Joining forces: “There’s a kung fu movie with one armless guy and one legless guy fighting bad guys. They can’t do it alone, but together they’re unbeatable,” says Geremy Jasper of how he and uni-named partner Sanchez started the Fever. “I couldn’t get anything done, and he couldn’t sing.”
Say what? The Fever’s lyrics may be stunningly eloquent, but Jasper’s slurred delivery makes them impossible to comprehend. He intends to reform in time for the debut full-length, which he’s now writing. “I’m either printing the lyrics,” he vows, “or taking enunciation classes!”

The Fiery Furnaces
Sound like: Hauntingly pretty rock songs, alternately danceable and wistful, hypnotically sung/spoken Patti Smithishly. “We’re spastically bluesy,” they say with pride.
Who they are: Gloomy, sardonic, dark-eyed brother and sister Eleanor and Matt Friedberger, from Oak Park, Illinois.
Sibling rivalry: Matt on Eleanor: “Back when I never saw her, I thought she was pleasant and responsible and unpretentious. Now that we’re in the studio together all the time, I think she’s useless and boring.” Surely it’s performance art when Matt spits out, “But you don’t necessarily try hard, do you, Eleanor?” as she’s about to cry? “I wish it were performance art,” says a dejected Eleanor.
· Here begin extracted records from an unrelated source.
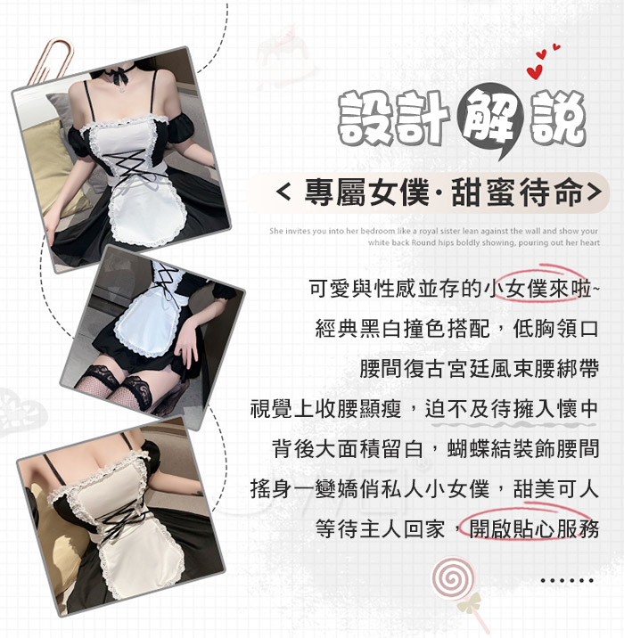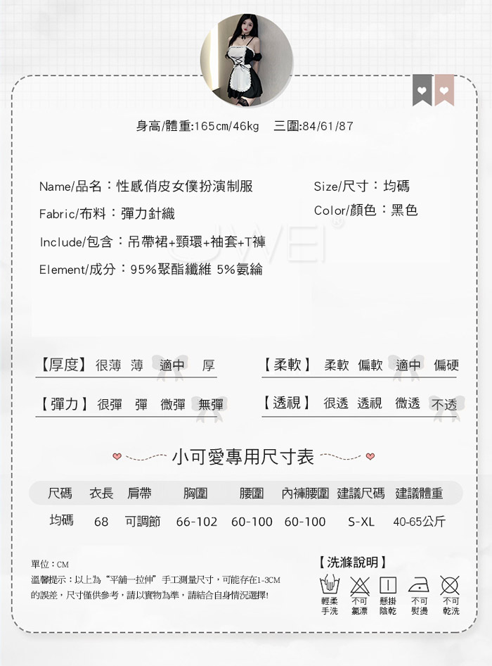 ■內容物:吊帶裙x1、頸環x1、袖套x2、T褲x1(長筒絲襪另選購)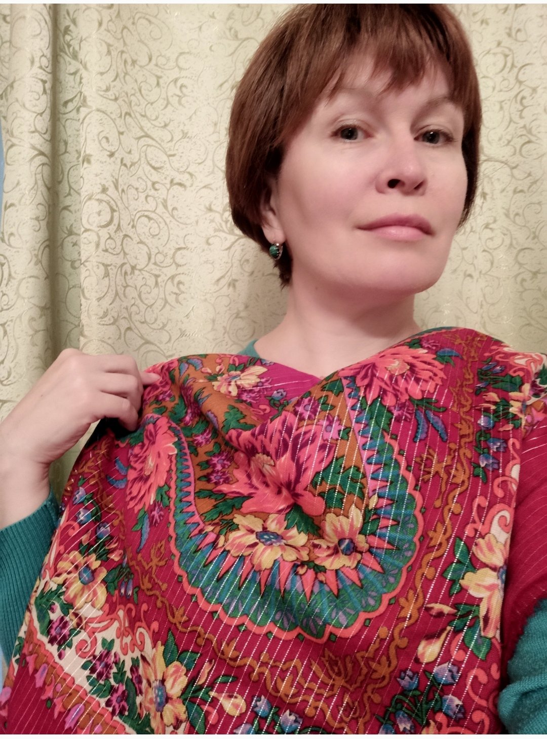 Хочется призвать всех, носящих невероятные павловопосадские платки, не бояться экспериментировать, хотя бы здесь, на форуме, в жизни уже - по ощущениям, насколько смелости хватит. Это же очень интересно! В памяти и ваши фото, Танюша, и многих других девчат форума - так платок иногда показан, что сама бы ни за что не придумала ::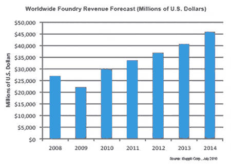 因此,iSuppli公司把2010年純晶圓代工廠商的營收增長預(yù)測上調(diào)了2.8個(gè)百分點(diǎn),從先前預(yù)測的39.5%調(diào)高到42.3%的增長率,即從2009年的221億美元增加到298億美元。預(yù)計(jì)到2014年,總體純晶圓代工產(chǎn)業(yè)的營業(yè)收入將從2008年的268億美元上升到459億美元,復(fù)合年度增長率為9.4%。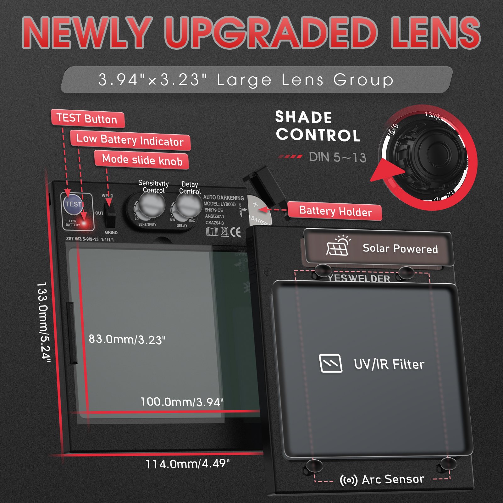 The welding hood features an expansive 3.94″ x 3.23″ main viewing area, complemented by Side View panels (DIN5, non-auto-darkening) for enhanced situational awareness. Enjoy the benefits of 1/1/1/1 optical clarity lenses, delivering True Color technology to reduce eye strain and improve visibility. Whether tackling intricate welds or surveying your workspace, the large viewing window ensures optimal precision.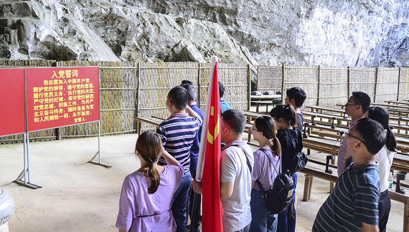 活动中,党员干部们先后来到韦拔群纪念馆、东兰烈士陵园、魁星楼、韦拔群故居、广西农民运动讲习所旧址(列宁岩)等红色教育基地参观。在东兰烈士陵园,党员们瞻仰了革命烈士纪念塔和韦拔群烈士陵墓,并敬献花圈,表达对革命先辈的崇高敬意和无限追思;在列宁岩,党员们面对鲜红的党旗,重温入党誓词,再次回望入党初心,坚定共产主义信仰;在韦拔群纪念馆、魁星楼、韦拔群故居,党员干部重温了拔群精神,了解了战士们的战斗故事和感人事迹。一件件历史实物、一幅幅珍贵图片,生动再现了革命先烈英勇奋斗的光辉岁月,为广大党员上了一堂生动的党史课,特别是农民起义的英勇事迹,使大家深切地感受到革命先烈们为了人民幸福、民族解放和国家富强,忠贞不屈、舍生忘死的牺牲精神,增强了党员干部担当尽责的使命意识。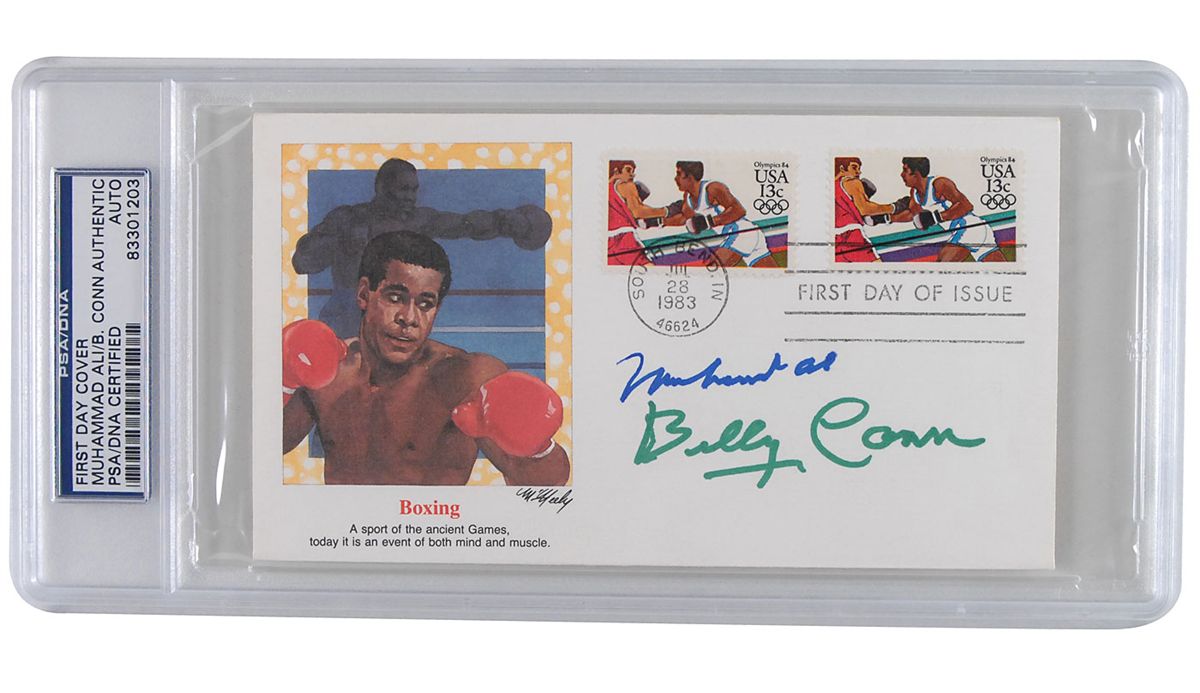 FDC with a cachet honoring boxing, signed in blue felt tip by Muhammad Ali and in green felt tip by Billy Conn. Encapsulated in a plastic PSA/DNA authentication holder. In very fine condition.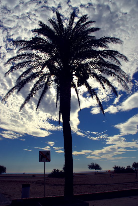 signalez un problèmeLe panneau et la poubelle me dérangent pas mal moi aussi ... mais la tête (du palmier) dans ces jolis nuages sur fond bleu et en contre jour, est plutôt bien fait !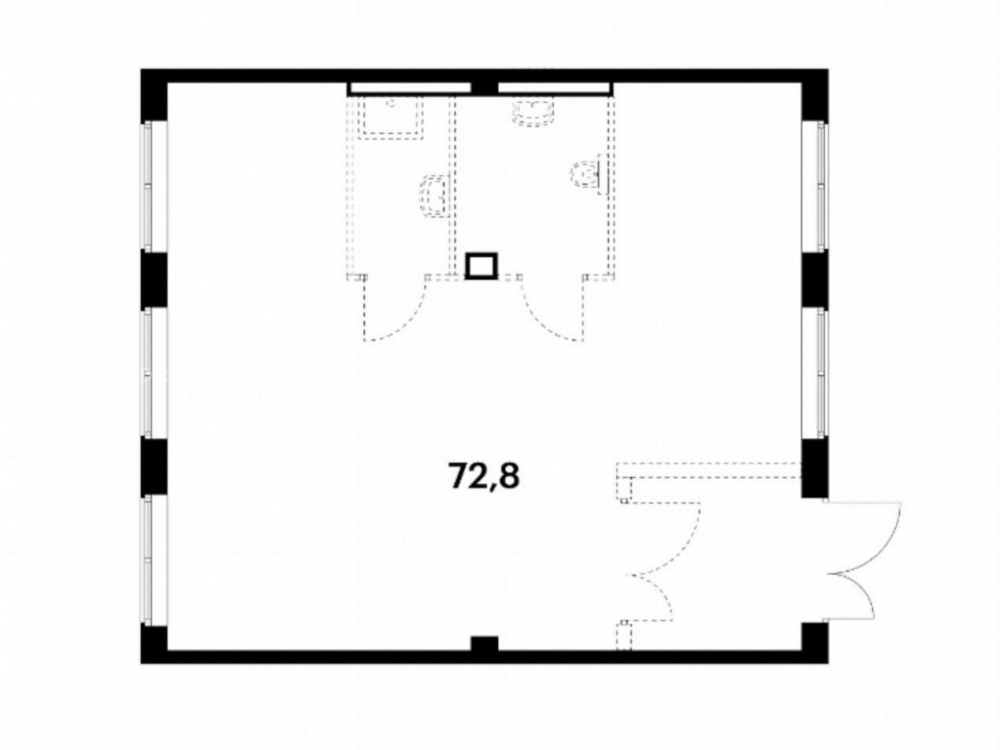 Помещение 72.8 м2 располагается на 1-м этаже, отдельный вход с фасада, витринные окна, высота потолка 4,36 м. Электрическая мощность 14.8 кВт. Место для размещения рекламы на фасаде. Парковка перед фасадом.
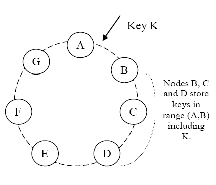 為了實(shí)現(xiàn)高可用,Dynamo將每個(gè)數(shù)據(jù)復(fù)制到N臺(tái)主機(jī)上,其中N是每個(gè)實(shí)例(per-instance)的配置參數(shù),建議值為3。每個(gè)Key被分配到一個(gè)協(xié)調(diào)器(coordinator)節(jié)點(diǎn),協(xié)調(diào)器節(jié)點(diǎn)管理其負(fù)責(zé)范圍內(nèi)的復(fù)制數(shù)據(jù)項(xiàng),其除了在本地存儲(chǔ)其責(zé)任范圍內(nèi)的每個(gè)Key外,還復(fù)制這些Key到環(huán)上順時(shí)針?lè)较虻腘-1個(gè)后繼節(jié)點(diǎn)。這樣,系統(tǒng)中每個(gè)節(jié)點(diǎn)負(fù)責(zé)環(huán)上從其自己位置開(kāi)始到第N個(gè)前驅(qū)節(jié)點(diǎn)間的一段區(qū)域。具體邏輯見(jiàn)圖2,圖中節(jié)點(diǎn)B除了在本地存儲(chǔ)鍵K外,還在節(jié)點(diǎn)C和D處復(fù)制鍵K,這樣節(jié)點(diǎn)D將存儲(chǔ)落在范圍(A, B]、(B, C]和(C, D]上的所有鍵: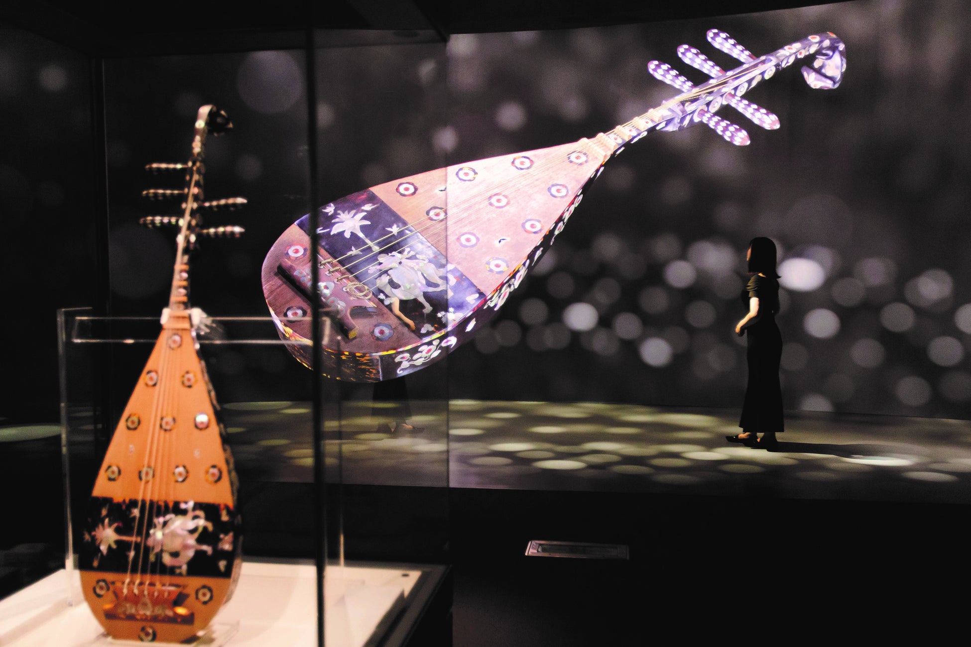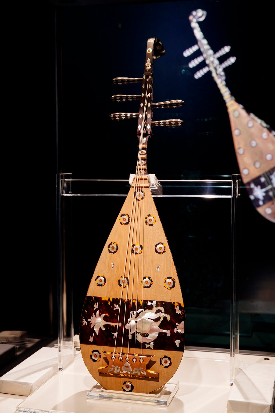 実際の宝物と同じ素材や技法を使い、1300年前の宝物本来の姿を再現した「再現模造」。それらを見ると、当時の宝物がいかに高度な技術を駆使し精緻に作られているかがよくわかります。本展では、「螺鈿紫檀五絃琵琶」や「螺鈿箱(らでんのはこ)」など有名な宝物の再現模造を展示。当時の宝物の輝きとともに、映像や解説を通じてその美の裏側や超絶技巧に迫ります。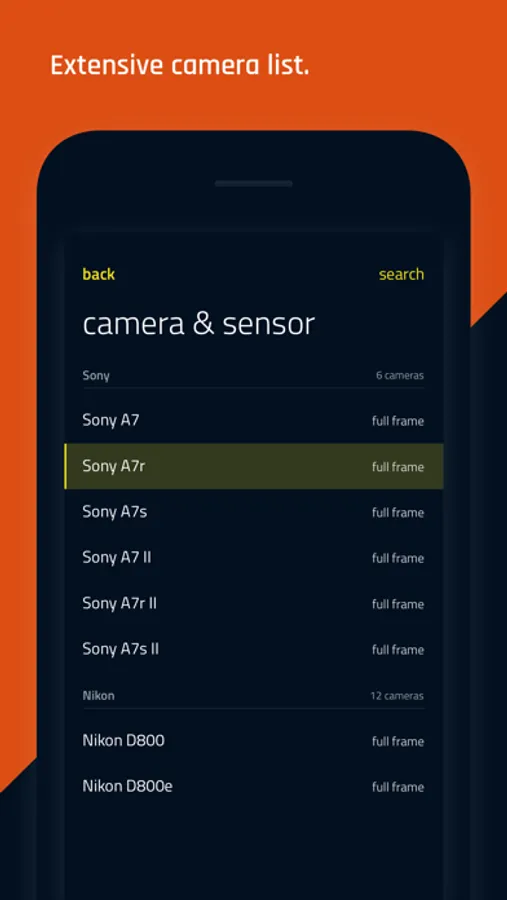 Cameras are plentiful. DOF features hundreds of camera models from Sony, Nikon, Canon, Fujifilm, Kodak, Konica, Leica, Minolta, Olympus, Panasonic, Pentax, Ricoh, Samsung, Sigma as well as Hasselblad, Leaf, Phase One and Mamiya. Larger film formats include 6x4.5, 6x6, 6x7, 6x9, 4x5, 5x7, 8x10 and cinematographic formats like Super 16, Super 35 are also available. Plus a full list of Circle of Confusion values.

Up next: Their album Gallowsbird’s Bark is out September 23 on Rough Trade.

The Flesh
Sounds like: Stuttering, Birthday Party–esque garage rock with synth beats and a dark, dramatic R&B groove.
Dark and horny: “Hip-hop is what rock ’n’ roll is supposed to be—it’s funky but with a dark riff moving through it,” says singer-guitarist Nathan Halpern, whose year-old band drew on hip-hop’s spirit as much as punk’s to craft its sound. “Outkast, the Neptunes—they reflect the same interests I have in minor-key, dark, Kurt Weill stuff and horny, Stooges-like stuff.”
Disclaimer: Halpern cautions that the Flesh “doesn’t do pastiche”—it’s no rap-rock-fusion act—but its thematic obsession with “sex and death” has merely found a subtle inspiration in the world of Cristal and bling-bling.